[Start of Attachment]

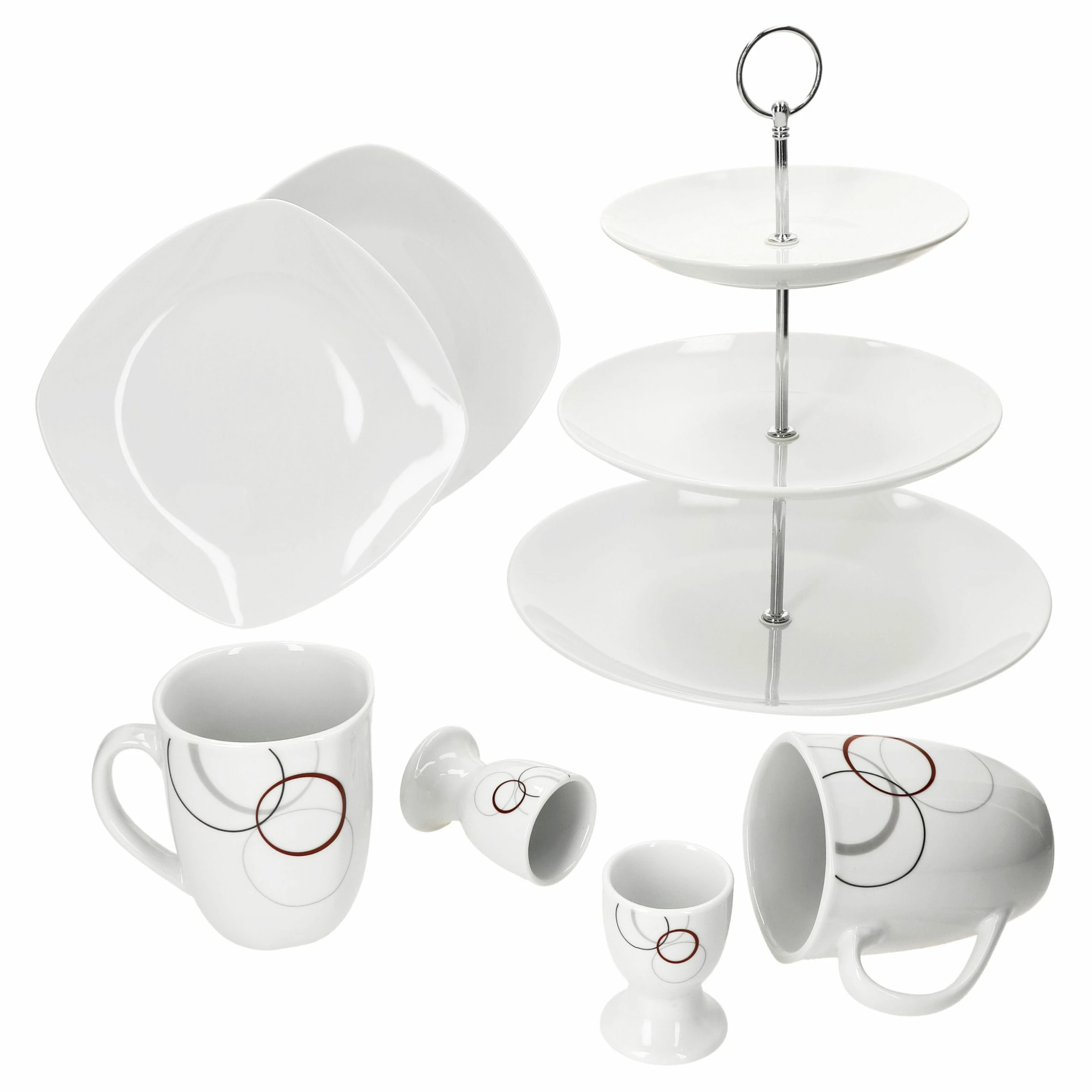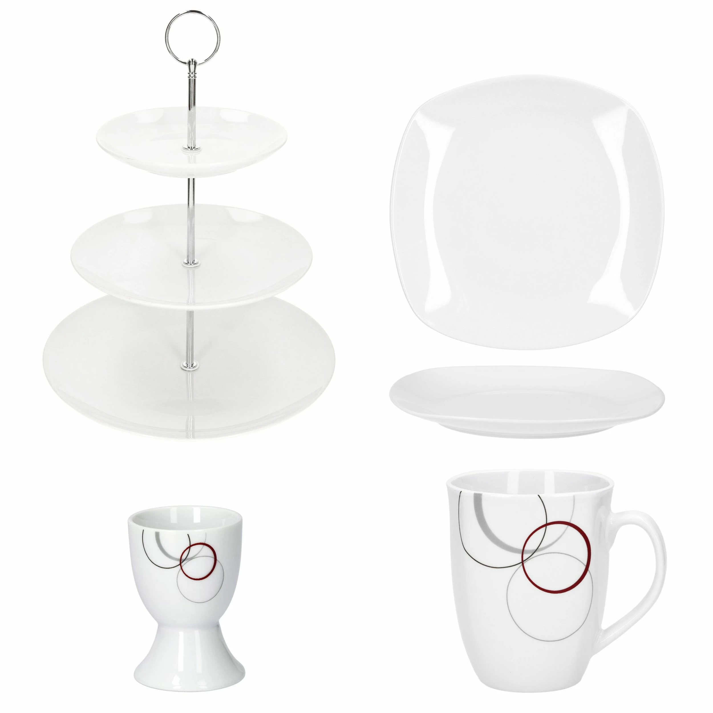 - Die Etagere sowie die kleinen Teller sind schlicht in Weiß gehalten, während die Eierbecher und Tassen mit unterschiedlich großen Kreisen in Grau, Schwarz und Bordeauxrot auf der Vorder- und Rückseite verziert sind
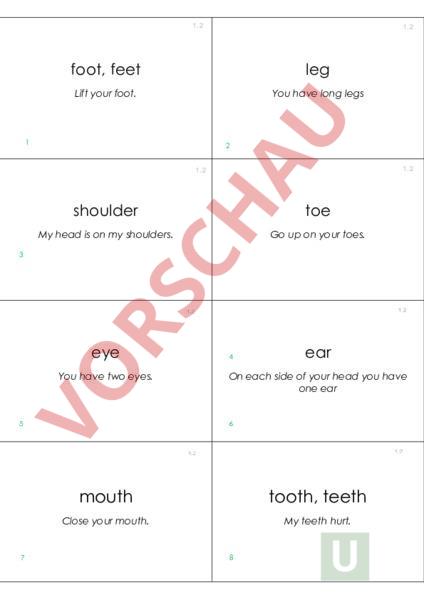 1.2 1.2 foot, feet leg Lift your foot. You have long legs 1 2 1.2 1.2 shoulder toe My head is on my shoulders. Go up on your toes. 3 eye You have two eyes. ear On each side of your head you have one ear 6 5 7 4 mouth tooth, teeth Close your mouth. My teeth hurt. 8 das Bein Fuss, Füsse Du hast lange Beine. Hebe deinen Fuss. der Zeh Steh auf deine Zehen. das Ohr die Schulter Mein Kopf ist auf meinen Schultern. das Auge Auf jeder Seite deines Kopfes hast du ein Ohr. Du hast zwei Augen Zahn, Zähne der Mund Meine Zähne schmerzen. Schliesse deinen Mund. bone body The neck bone is connected to the skull. Move your body! 10 9 Stand (up)! Lift your knee! Stand up please! Lift your knee high! 11 12 Shake your head! 13 15 Raise your hand! 14 Swing your arm! jump Swing your arm in big circle! always stretch before jump. 16 der Körper der Knochen Bewege deinen Körper! Der Nackenknochen ist mit dem Schädel verbunden. Hebe dein Knie Steh auf! Hebe dein Knie hoch! Steh bitte auf! Hebe deine Hand! Schüttle deinen Kopf! springen Schwinge deinen Arm! Ich dehne immer bevor ich springe. Schwinge deinen Arm in einem grossen Kreis. run long jump love to run. He practises the long jump every day. 17 18 strong weak have strong legs. He is not weak. 19 20 short tall He is short. am not tall 22 21 23 slow fast Sometimes am slow. like to ski fast. 24 der Weitsprung rennen Er übt jeden Tag weitspringen. Ich liebe es zu rennen. schwach stark Er ist nicht schwach. Ich habe starke Beine. gross klein Ich bin nicht gross. Er ist klein. schnell langsam Er liebt es, schnell Ski zu fahren. Manchmal bin ich langsam. running racket She loves running. For tennis you need racket. 25 26 helmet knee pads For cycling you need bicycle and helmet. 27 For cricket you need knee pads. 28 running shoes rowing boat like my new running shoes. For the regatta you need rowing boat. 30 29 bicycle cycling love my bicycle. 31 For cycling you need helmet. 32 der Schläger Für das Tennis brauchst du einen Schläger. die Knieschoner das Laufen Sie liebt es zu laufen. der Helm Für Cricket brauchst du Knieschoner. Für das Fahrradfahren brauchst du ein Fahrrad und einen Helm. das Ruderboot die Laufschuhe Für die Regatte brauchst du ein Ruderboot. Ich mag meine neuen Laufschuhe. das Fahrradfahren Für das Fahrradfahren brauchst du einen Helm. das Fahrrad Ich liebe mein Fahrrad. skiing What sport do you do? Skiing is winter sport. 33 34 How do you train? need (a). How do you train for your sport? 35 37 need helmet. 36 38 Was für einen Sport machst du? Skifahren ist ein Wintersport. Ich brauche (einen)? Wie trainierst du? Ich brauche einen Helm. das Skifahren Wie trainierst du für deinen Sport?
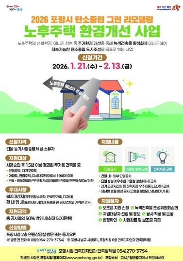 대경타임즈 이강옥 기자 | 포항시는 노후주택의 주거환경 개선과 에너지 비용 절감을 위해 2026년도 그린리모델링 지원사업을 시행한다.
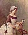 Gradually, trim in the form of applied lace and fabric robings (strips of ruched, gathered or pleated fabric) replaced the plain style. Ribbon bows, lacing, and rosettes became popular, as did boldly patterned fabrics. Silk gowns and stomachers were often intricately embroidered in floral and botanical motifs, demonstrating great attention to detail and care for an accurate portrayal of nature.[4] A mid-century vogue for striped fabrics had the stripes running different directions on the trim and the body of the gown.
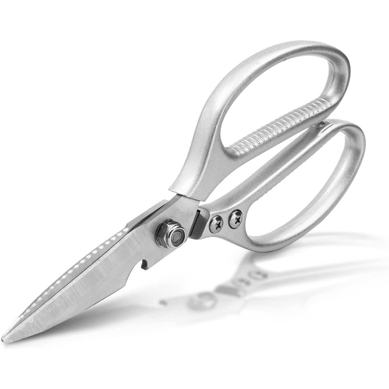 - 【MULTI-FUNCTION KITCHEN SCISSORS】 Performing well in the kitchen, such as cutting raw meat, chicken, poultry bones, vegetables, pizza, herbs, bottle opener, it is also used well daily: cutting card-boards, papers, hard plastic of product boxes, trimming flower stems. This kitchen scissor is designed for any heavy duty. After easy disassembling the shears, it can peel fruits and potatoes and scrape fish scales, our scissors are a good helper for your kitchen
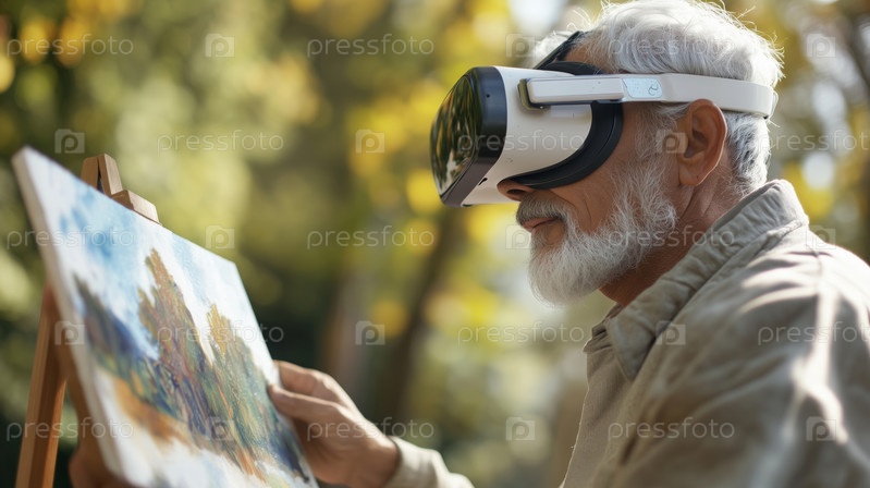 Старший мужчина рисует на открытом воздухе, используя гарнитуру виртуальной реальности
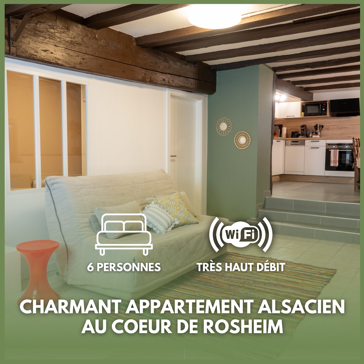 Casa completa enclavada en el centro de Rosheim. Situado en el corazón de la región de Alsacia, en la ruta del vino entre los Vosgos y Estrasburgo. Este alojamiento de casi 100 m2 consta de un gran espacio abierto en el primer nivel que incluye una gran sala de estar, un comedor y una cocina equipada. La planta superior tiene dos dormitorios y una zona de trabajo y relajación. El alojamiento fue completamente renovado en 2024 y redecorado en torno a creaciones de ebanistería en un ambiente relajante y cálido.
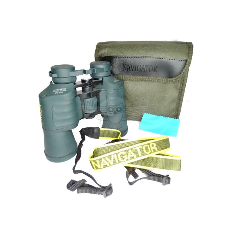 Особенностью модели является оптика из высококачественного стекла с рубиновым просветляющим покрытием, которое делает картину максимально качественной и яркой даже в сумерках. Navigator 16х50 имеет центральную фокусировку. Также бинокль снабжен диоптрийной коррекцией на правом окуляре. Наблюдатели с отклонениями от норм зрения, имеют возможность настройки прибора в диапазоне ±4 D. Обрезиненный корпус является дополнительной защитой от несильных механических повреждений, грязи и пыли.
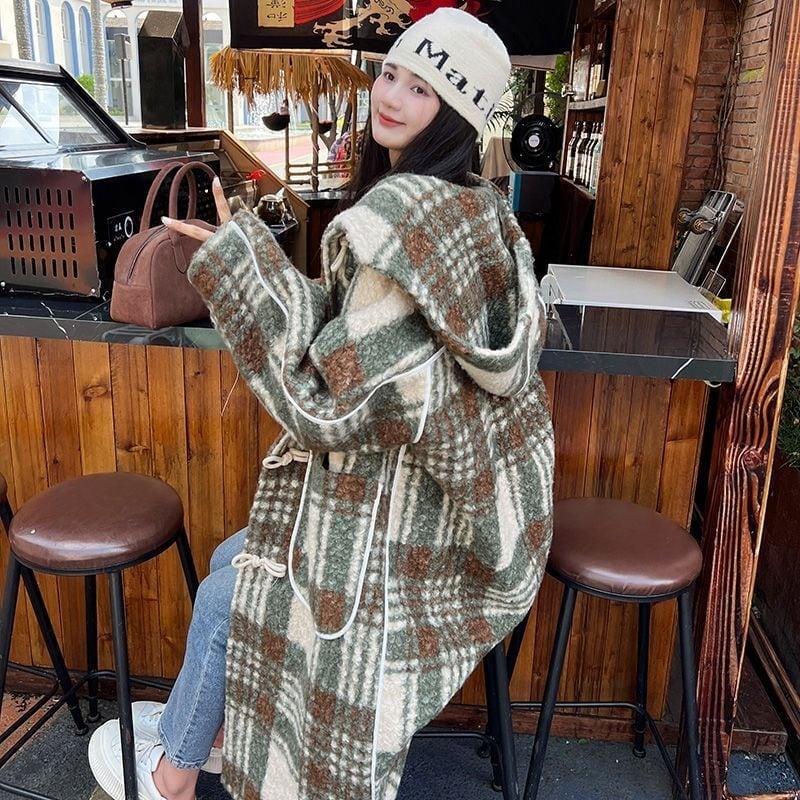 オシャレデザイン プラスベルベット デニム カーディガンE-10305
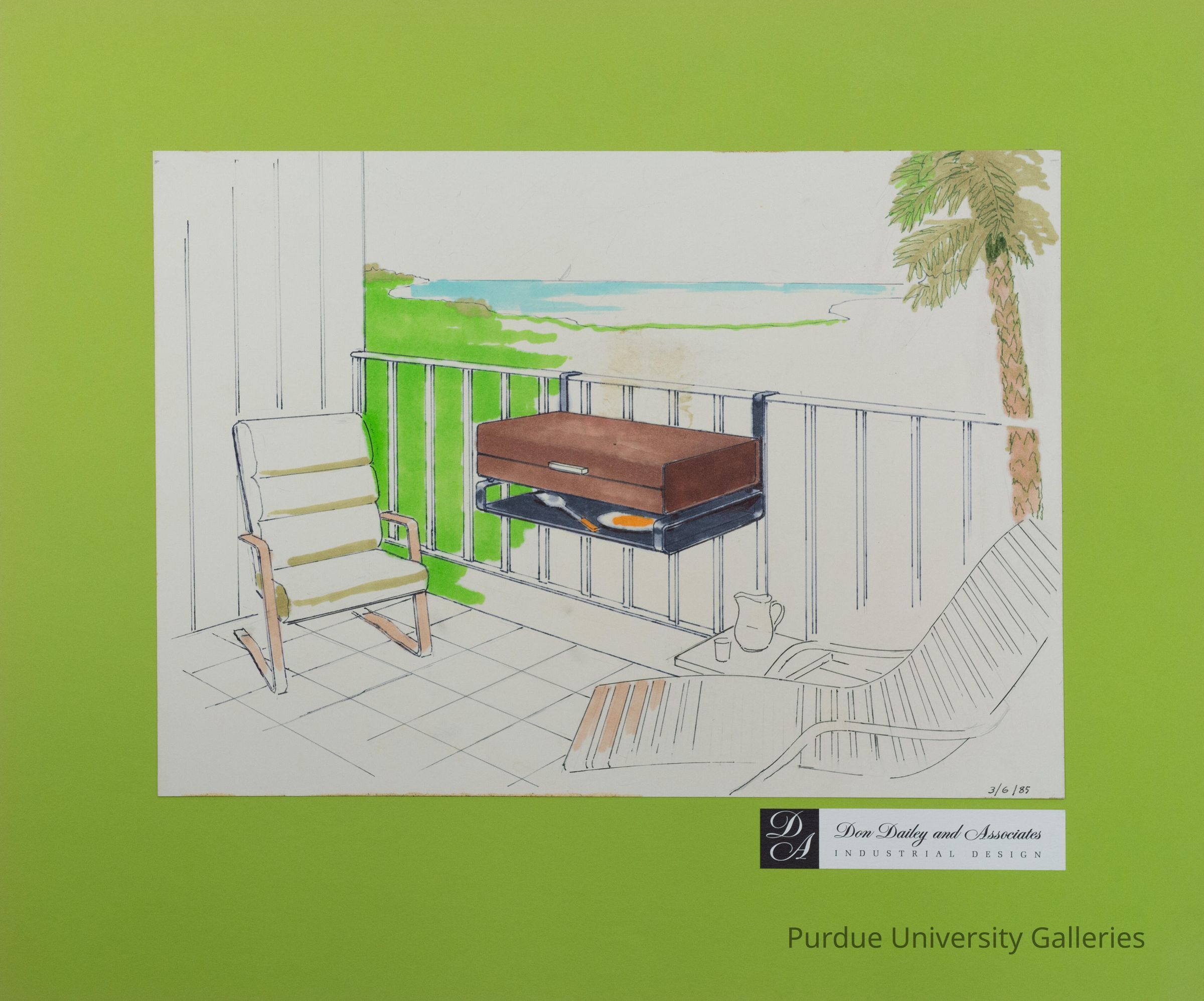 a drawing of what appears to be a hanging grill on a patio.Type of Drawing

[End of Attachment]

Requirement
Your answer is the exact run of lines above from the one with "- 【MULTI-FUNCTION KITCHEN" through the one with "Старший мужчина рисует", both ends included, minus any picture.

Task response
 - 【MULTI-FUNCTION KITCHEN SCISSORS】 Performing well in the kitchen, such as cutting raw meat, chicken, poultry bones, vegetables, pizza, herbs, bottle opener, it is also used well daily: cutting card-boards, papers, hard plastic of product boxes, trimming flower stems. This kitchen scissor is designed for any heavy duty. After easy disassembling the shears, it can peel fruits and potatoes and scrape fish scales, our scissors are a good helper for your kitchen
 Старший мужчина рисует на открытом воздухе, используя гарнитуру виртуальной реальности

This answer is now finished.